LIST OF TABLES AND FIGURES

Proposed Capping Plan for the Thames River Shipyard
Disposal Project.

Actual Capping Operation for the Thames River
Shipyard Disposal Project.

Post-capping bathymetric contour plot of the Thames
River Shipyard Disposal Location, February 1989.

Post-disposal bathymetric contour plot of the Thames
River Shipyard Disposal Location, October 1988.

Depth difference contour plot of the Thames River
Shipyard Disposal Location, showing the distribution
of cap material, February 1989 - October 1988.

Depth difference contour plot of the Thames River
Shipyard Disposal Location, showing the distribution
of contaminated dredged material, October - August
1988.

CAPPING SURVEY AT THE NEW LONDON DISPOSAL SITE
FEBRUARY 3, 1989

1.0 INTRODUCTION

The New London Disposal Site covers a one square nautical
mile area located approximately two nautical miles south of the
mouth of the Thames River, Connecticut. This site, centered at
latitude 41 16.1'N and longitude 72 04.6'W, has been monitored since
1977 by the New England Division (NED) of the Army Corps of
Engineers.
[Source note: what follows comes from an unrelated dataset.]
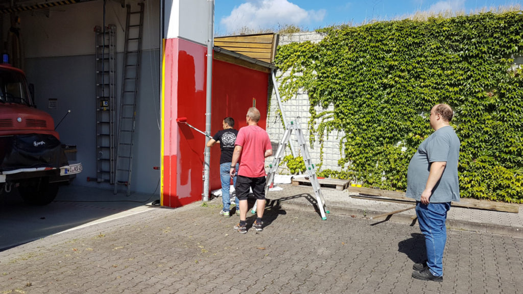 An der besonders exponierten Rückseite des Feuerwehrhauses war aus dem ursprünglichen Feuerwehrrot ein Farbton geworden, den man (laut aktueller Internetrecherche des Autors) irgendwo zwischen „Erdbeerrot“ und „Altrosa“ verorten musste. Den jeden Monat am dritten Samstag stattfindenden Haustag nutzten wir gestern deswegen dazu, die rot gestrichenen Wände wieder in ihrem ursprünglichen Feuerwehrrot erstrahlen zu lassen. Die Fotos zeigen eindrucksvoll den Erfolg der Maßnahme.
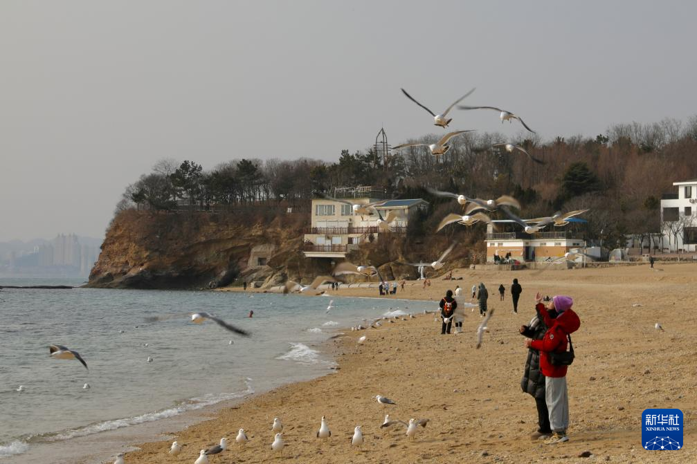 冬日里,在辽宁省大连市海滨,成群的海鸥聚集栖息,吸引游人前来观赏。

This study focuses on a subsection of the New London
Disposal Site which received an estimated 13,000 cubic meters of
contaminated dredged material (at buoy location 41 16.425'N and 72
04.320'W) from the Thames River Shipyard in October 1988. A
precision bathymetric survey and a REMOTS® sediment profile survey
were performed at this location after disposal of the contaminated
material to document the distribution of dredged material. The
results were used to develop a capping plan intended to provide
complete coverage of the contaminated sediment with clean material
(SAIC, 1988).

From October 1988 through January 1989, clean sediment
was deposited at six disposal points over the observed distribution
of contaminated dredged material (Table 1). The number of scow
loads of cap material to be deposited at each disposal point was
planned to achieve a desired cap thickness of 50-100 cm over the
contaminated material. After completion of the capping operation,
on February 3, 1989 a bathymetric survey was performed to delimit
the distribution and thickness of capping material over the
previously disposed contaminated dredged material. From the results
of this survey, the capping operation and the potential need for
additional cap material at the location were assessed.

2.0 METHODS

On February 3, 1989, a precision bathymetric survey was
conducted at 25 m lane spacing over an 800 X 800 m area centered at
the coordinates of the disposal buoy. The precision navigation
required for the survey was provided by the SAIC Integrated
Navigation and Data Acquisition System (INDAS). This system uses
a Hewlett-Packard 9920 series computer to collect position, depth,
time, and date information for subsequent analysis as well as for
providing real-time navigation for the helmsman. Positions were
determined to an accuracy of + 3 m from ranges provided by a Del
Norte Trisponder System. Shore stations for this system were
established in Connecticut at known benchmarks at Millstone Point

and New London Lighthouse. A detailed description of the navigation
system and its operation can be found in DAMOS Contribution #60
(SAIC, 1989).

Depths were determined to a resolution of 3.0 cm (0.1 ft)
using an Odum DF3200 Echotrac Survey Recorder with a narrow beam 208
kHz transducer. The speed of sound used in depth calculations was
determined from water temperature and salinity data measured by an
Applied Microsystems CTD probe, model STD-12. A complete
description of this instrument and its operations are given in DAMOS
Contribution #66 (SAIC, 1990). The speed of sound determined from
CTD casts and the transducer depth were entered into the fathometer
to adjust the depth values being transmitted to the computer.
During analysis, raw bathymetric data were standardized to Mean Low
Water by correcting for changes in tidal height occurring during the
survey. A detailed discussion of the bathymetric analysis technique
is given in DAMOS Contribution #60 (SAIC, 1989).

3.0 RESULTS

The contour plot from analysis of the 1989 bathymetric
data revealed a highly variable topography of old disposal mounds
resulting from dredged material disposed in previous years, as well
-as from cap material disposed at the buoy location (Figure 1). The
clearly visible north-south contours running along the western
border of the survey area delimited the eastern flanks of the old
disposal mound NL-RELIC. The NL-III mound was seen along the
southern border of the survey area. The western flanks of the NL-II
mound were also shown on the eastern limits of the survey area.
Changes in topography resulting from capping material deposition
were indicated by comparison of this contour plot with the results
of the October 1988 post-disposal survey (Figure 2).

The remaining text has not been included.